As Dov Khenin said at a talk he gave in February on the dangers of fascism, “In Israel, there is a specific democratic space. It’s not big and in connection to the Arabs, it’s even smaller, but the space is important to us because it’s the space we’re standing in.”

“What has happened in recent years is that the space is being attacked and clamped down upon from two directions. One of the attacks is coming in the form of racism,” he said, pointing to the Nakba Law and other anti-democratic legislation that is intended to stymie support for the Palestinians. He added that Jews who “think differently” are facing persecution, as well.

“We’re paying less attention to the second form of attack…tycoons and oligarchs and the group of capitalists who rule the economy in a concentrated way.”

But recently—between the cottage cheese boycott and the tent protests—tens of thousands have begun to look at exactly these issues.

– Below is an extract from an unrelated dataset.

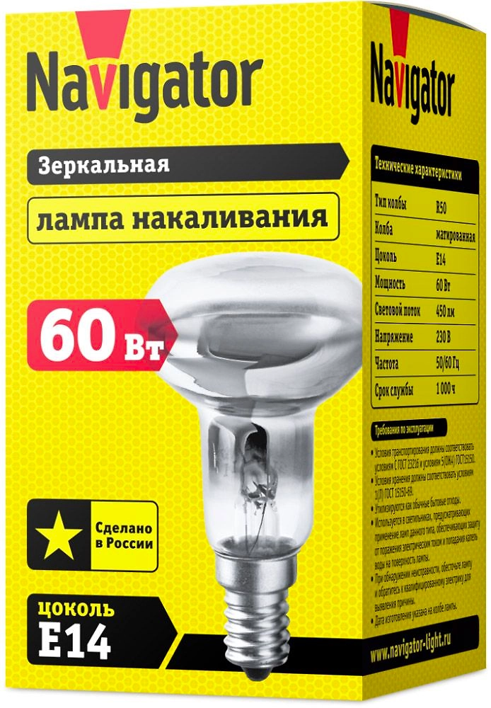 Зеркальная лампа накаливания Navigator выполнена в форме гриба. Двойная спираль, наличие предохранителя.
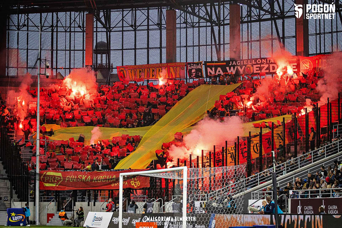 Белосточчане отмечали на этом выезде 20-летие первого выезда на поезде на матч «Ягеллонии». На своем секторе гости продемонстрировали оправу ''PKP - Польша любит пиро'', с отсылкой к аббревиатура PKP (Польские государственные железные дороги).

The tent protests represent a brave first step towards a more democratic space. But Israelis still need to open their eyes and see the bigger picture. They need to acknowledge that the state’s policy of expansion has bled the country dry, financially and morally. They need to understand that the 1967 war and the occupation that began soon thereafter do not exist in a vacuum—these events are connected to those houses in Kfar Shalem, homes that were once Palestinian, are now Jewish, and, if the state has its way, will be bulldozed for business interests.

The moment Israelis open their eyes, the moment they understand what’s really going on around them, they’ll be unstoppable.

Photo: Mya Guarnieri. A protester sits in an intersection in Kfar Shalem as police hustle to avert traffic.